If it wasn't for the Willis name, he'd kill Younger right now and clear out of here. But there was Regan to think about, and the Willis name. Until this whole mess got cleared up, the only thing to do was to play along with Younger. Grab the ball and run. He nodded and said, 'There's half a million. Sheer was lying to you.'

'I know damn well he was. And we'll find that dough, won't we? There's enough for both of us, and we'll find it.'

'Sure we will,' Parker told him.

Younger smiled, a big fat happy beaming round toothy stupid smile. 'Sure we will,' he said.

PART THREE

ONE

ABNER L. YOUNGER was nobody's fool. He'd been around. Thirty-seven states and fourteen foreign lands including Germany, Japan, England, and the Canal Zone. When a man spends thirty years in the United States Army, he doesn't come out of it a hick, no sir. He comes out of it knowing what's what.
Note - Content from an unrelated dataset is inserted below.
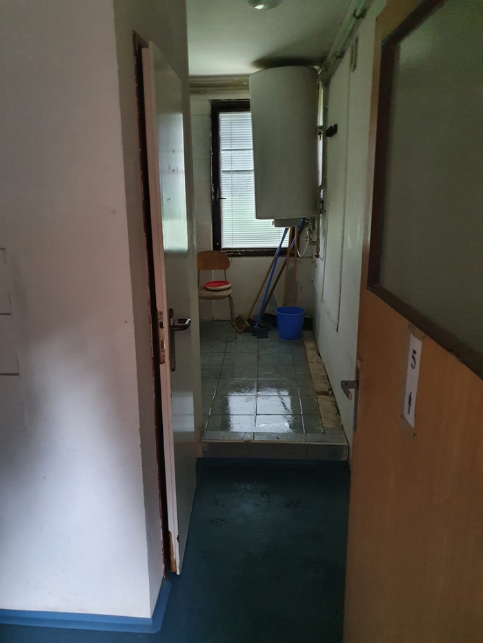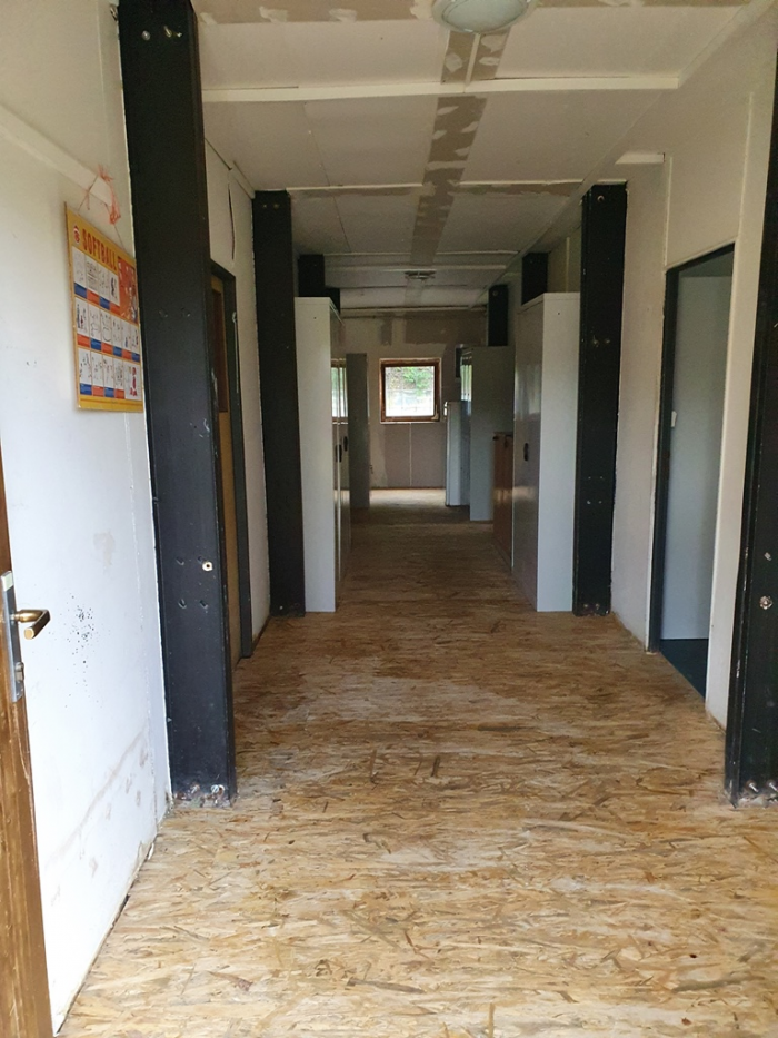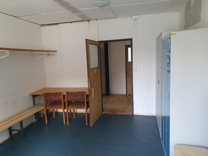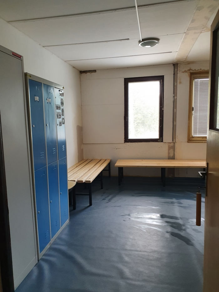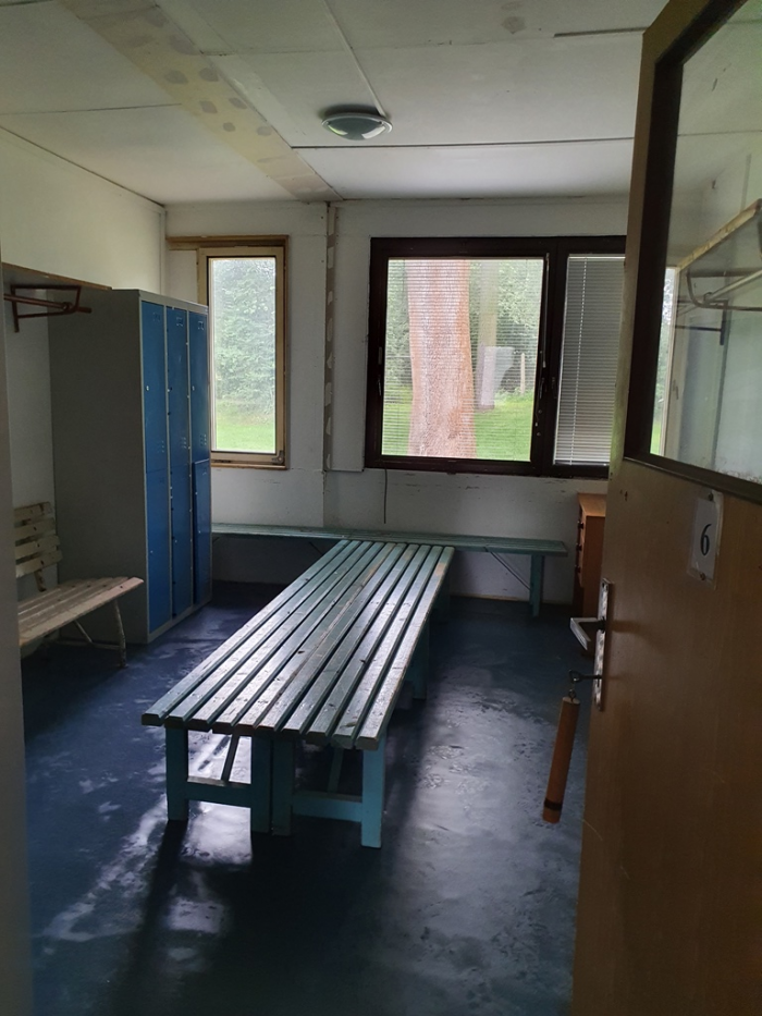 Úklid šaten a hřiště, vypletí, odkamenění a rovnání pole.

Younger had had some sort of title in front of his name for almost as long as he could remember. At twenty, a green frightened dumb kid from the hick town of Sagamore, in Nebraska, he'd become Private Abner L. Younger, USA. That was the time of the Great Depression; there was no work for Abner's father anywhere to be found, and if there was no work for the father there was sure as hell no work for the son. If he wanted three meals every day and a bed indoors every night, the only thing in the world for Abner to do was join the Army.
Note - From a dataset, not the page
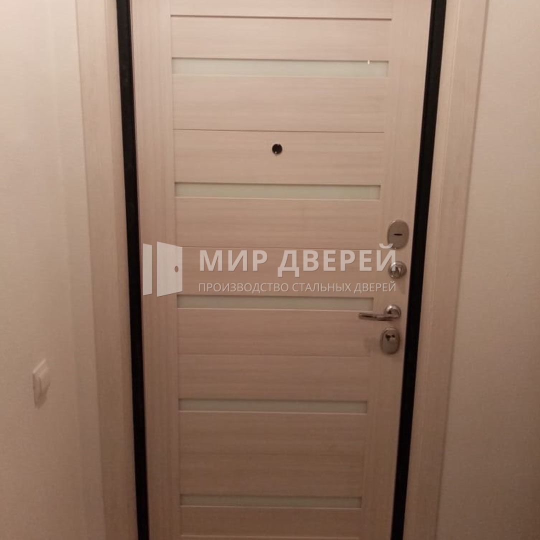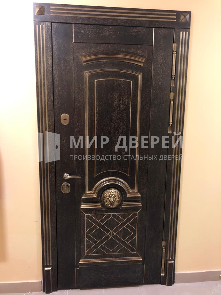 Эта дверь отличается современным дизайном и строгой эстетикой, которая прекрасно подчеркнет интерьер квартиры, офиса или частного дома. Корпус выполнен из профильной трубы 50х25 мм с ребрами жесткости 40х25 мм и стальным листом толщиной 2 мм, что делает конструкцию устойчивой к нагрузкам и надежной в эксплуатации. С обеих сторон поверхность оформлена панелями МДФ ПВХ в темных оттенках серого и черного, создающих стильный и солидный внешний вид. Входная дверь для квартиры №1 гармонично впишется как в классические, так и в современные интерьеры, сочетая визуальную привлекательность с функциональностью. Два контура резинового уплотнителя обеспечивают хорошую изоляцию от шума и запахов, при этом при необходимости конструкция может быть дополнительно оснащена плитой минваты или пенопластом для повышения тепло- и звукоизоляции. Блокираторы усиливают защиту, а универсальность модели позволяет изготавливать изделие в любых размерах и дополнять его различными элементами — от декоративных вставок до установки видеодомофона, что делает дверь не только надежной, но и максимально удобной в эксплуатации.

Promotion came slow both sides of the ocean in those days, and when the Second World War came along in 1941 Younger had advanced only one small step, up to a Pfc. But with the war came promotions for everybody, and soft jobs for those who'd been smart enough to be in the Army already when the war started. Younger spent his wartime service at a basic training camp, and wound up a buck sergeant when the war was over.

He had twenty years of duty behind him a few years later, and could have retired then, but he'd just got another promotion, and knew he had a good chance to make master sergeant by the time thirty years was up, which would mean a hell of a lot more pension, so he decided to stick it out the extra ten.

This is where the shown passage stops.